== Listed records ==

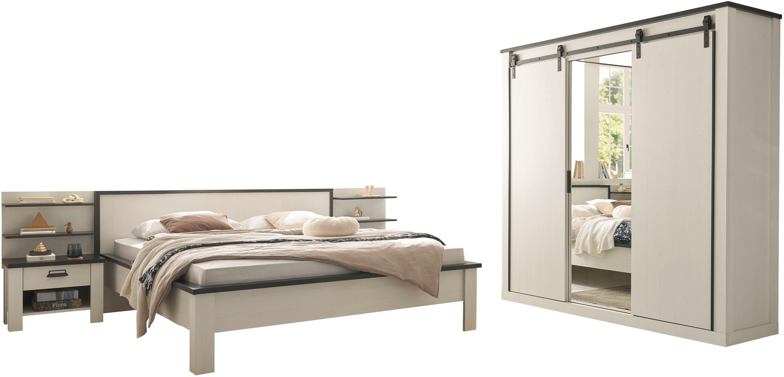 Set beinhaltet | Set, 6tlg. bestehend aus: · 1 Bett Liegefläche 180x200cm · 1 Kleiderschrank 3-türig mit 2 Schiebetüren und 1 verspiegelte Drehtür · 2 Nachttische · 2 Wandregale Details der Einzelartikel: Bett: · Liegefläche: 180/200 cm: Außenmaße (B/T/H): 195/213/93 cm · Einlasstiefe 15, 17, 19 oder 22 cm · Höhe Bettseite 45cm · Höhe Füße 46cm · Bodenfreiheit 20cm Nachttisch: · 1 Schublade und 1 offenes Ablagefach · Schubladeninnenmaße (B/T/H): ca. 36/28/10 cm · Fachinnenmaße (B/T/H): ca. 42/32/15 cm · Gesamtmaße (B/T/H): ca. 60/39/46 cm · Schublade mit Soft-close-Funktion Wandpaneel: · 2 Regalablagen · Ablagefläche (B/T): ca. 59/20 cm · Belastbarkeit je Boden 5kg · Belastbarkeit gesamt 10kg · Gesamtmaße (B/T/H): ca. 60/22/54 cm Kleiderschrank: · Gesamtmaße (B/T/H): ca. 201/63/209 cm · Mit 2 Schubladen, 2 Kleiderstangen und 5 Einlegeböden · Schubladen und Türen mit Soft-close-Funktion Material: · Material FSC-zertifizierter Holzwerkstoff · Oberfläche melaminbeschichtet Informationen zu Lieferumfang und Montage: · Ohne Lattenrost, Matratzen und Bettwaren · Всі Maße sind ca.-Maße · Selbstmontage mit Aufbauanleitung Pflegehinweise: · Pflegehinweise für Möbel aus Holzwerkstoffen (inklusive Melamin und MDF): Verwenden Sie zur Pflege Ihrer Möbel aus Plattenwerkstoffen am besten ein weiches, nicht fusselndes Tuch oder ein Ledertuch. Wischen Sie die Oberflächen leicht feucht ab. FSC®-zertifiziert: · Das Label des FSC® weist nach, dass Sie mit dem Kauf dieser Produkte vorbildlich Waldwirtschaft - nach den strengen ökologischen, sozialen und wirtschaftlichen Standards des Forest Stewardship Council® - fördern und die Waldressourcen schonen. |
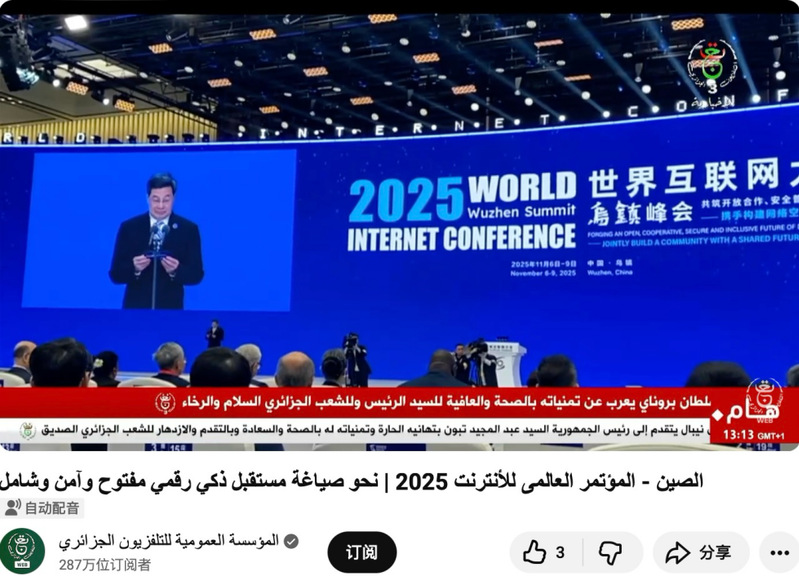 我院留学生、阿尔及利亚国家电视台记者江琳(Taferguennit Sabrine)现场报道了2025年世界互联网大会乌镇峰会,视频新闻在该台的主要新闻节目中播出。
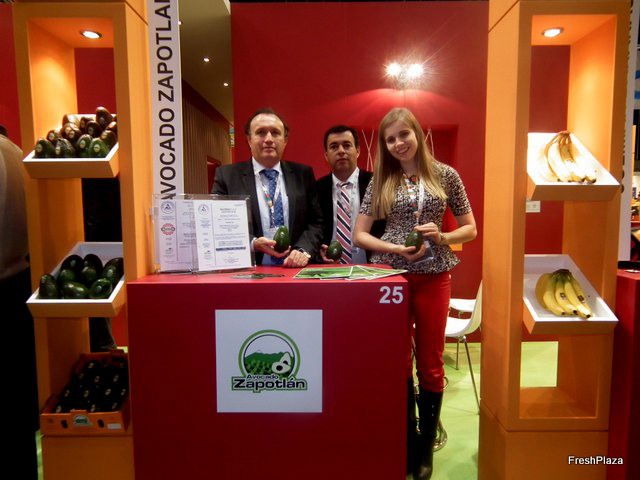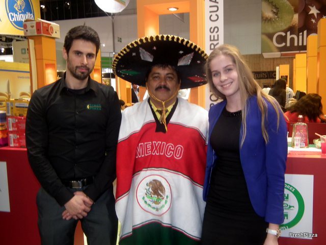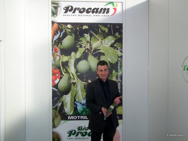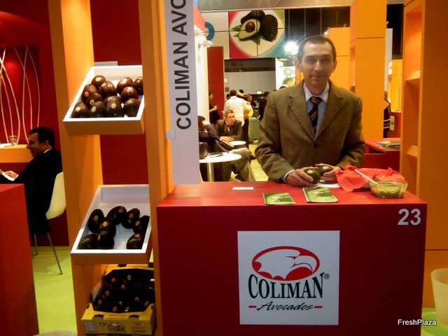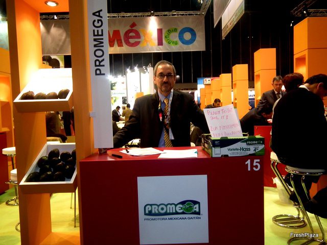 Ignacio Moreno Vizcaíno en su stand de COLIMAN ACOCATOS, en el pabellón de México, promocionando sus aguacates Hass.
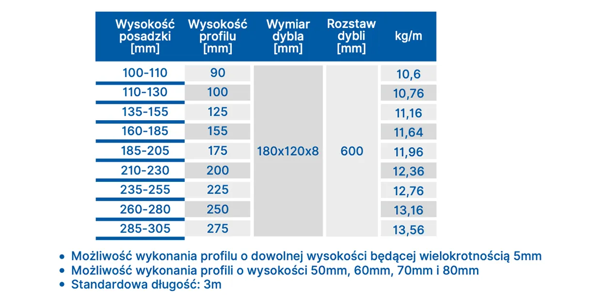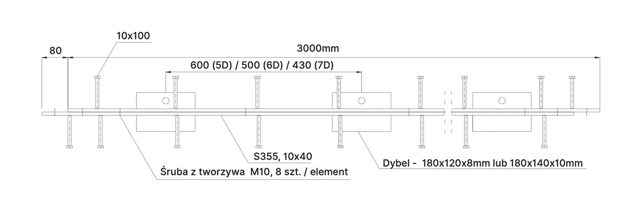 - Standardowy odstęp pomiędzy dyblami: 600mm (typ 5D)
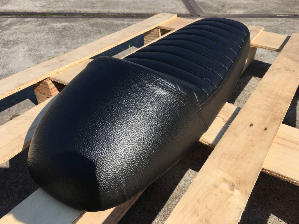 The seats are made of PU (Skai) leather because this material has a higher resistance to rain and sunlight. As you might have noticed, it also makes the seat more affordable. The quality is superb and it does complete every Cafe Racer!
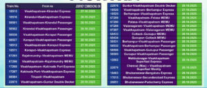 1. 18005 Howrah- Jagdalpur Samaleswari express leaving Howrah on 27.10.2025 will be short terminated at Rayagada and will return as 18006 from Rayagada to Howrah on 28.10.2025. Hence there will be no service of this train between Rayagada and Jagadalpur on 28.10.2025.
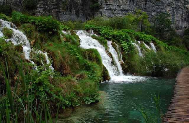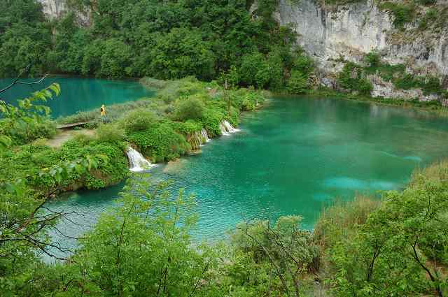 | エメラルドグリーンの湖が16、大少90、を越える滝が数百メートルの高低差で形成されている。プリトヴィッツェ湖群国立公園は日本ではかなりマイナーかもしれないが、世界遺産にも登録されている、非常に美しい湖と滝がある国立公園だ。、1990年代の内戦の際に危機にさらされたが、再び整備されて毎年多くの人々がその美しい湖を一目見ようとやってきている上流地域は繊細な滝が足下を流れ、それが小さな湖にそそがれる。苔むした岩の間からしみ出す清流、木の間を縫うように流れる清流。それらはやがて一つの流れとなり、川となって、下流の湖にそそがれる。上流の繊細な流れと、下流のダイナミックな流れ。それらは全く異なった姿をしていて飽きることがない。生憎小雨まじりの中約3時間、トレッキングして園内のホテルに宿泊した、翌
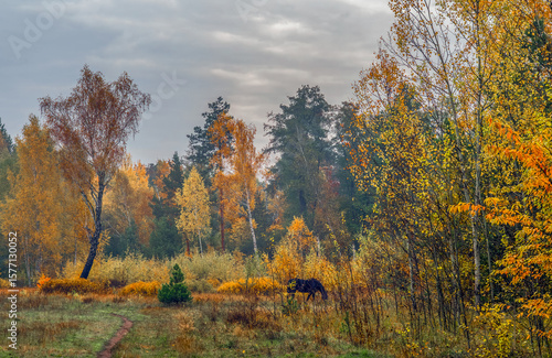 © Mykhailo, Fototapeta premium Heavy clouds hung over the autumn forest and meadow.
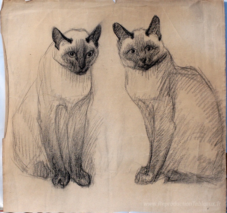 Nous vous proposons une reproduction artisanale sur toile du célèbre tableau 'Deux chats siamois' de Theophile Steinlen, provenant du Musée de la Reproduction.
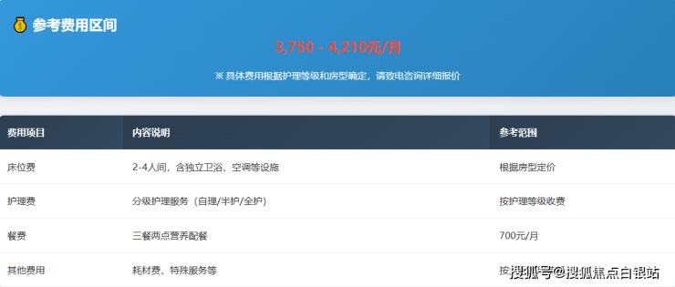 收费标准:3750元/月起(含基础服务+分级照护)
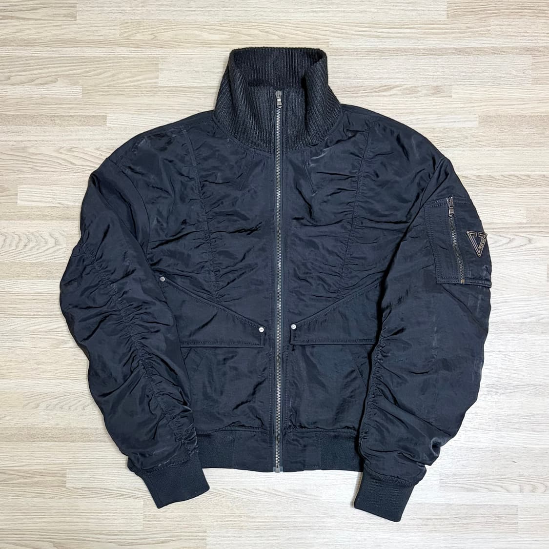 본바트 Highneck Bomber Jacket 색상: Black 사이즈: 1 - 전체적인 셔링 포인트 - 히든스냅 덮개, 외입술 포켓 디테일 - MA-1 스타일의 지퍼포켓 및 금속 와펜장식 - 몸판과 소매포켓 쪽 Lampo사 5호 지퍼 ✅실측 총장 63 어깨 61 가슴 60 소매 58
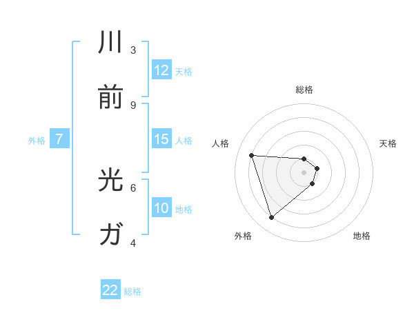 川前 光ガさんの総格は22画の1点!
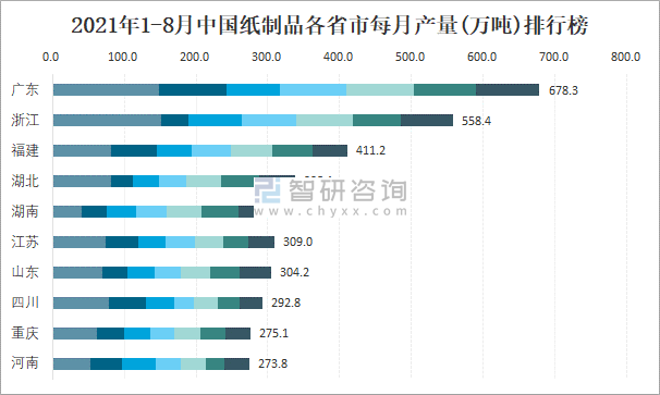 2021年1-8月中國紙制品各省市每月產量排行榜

===

- **Your goal**: The lines wanted are those from the one with "收费标准:3750元/月起(含基础服务+分级照护)" to the end of the entries above, repeated exactly, both ends included. Leave out the pictures.

- **Solution for this exercise**:
 收费标准:3750元/月起(含基础服务+分级照护)
 본바트 Highneck Bomber Jacket 색상: Black 사이즈: 1 - 전체적인 셔링 포인트 - 히든스냅 덮개, 외입술 포켓 디테일 - MA-1 스타일의 지퍼포켓 및 금속 와펜장식 - 몸판과 소매포켓 쪽 Lampo사 5호 지퍼 ✅실측 총장 63 어깨 61 가슴 60 소매 58
 川前 光ガさんの総格は22画の1点!
 2021年1-8月中國紙制品各省市每月產量排行榜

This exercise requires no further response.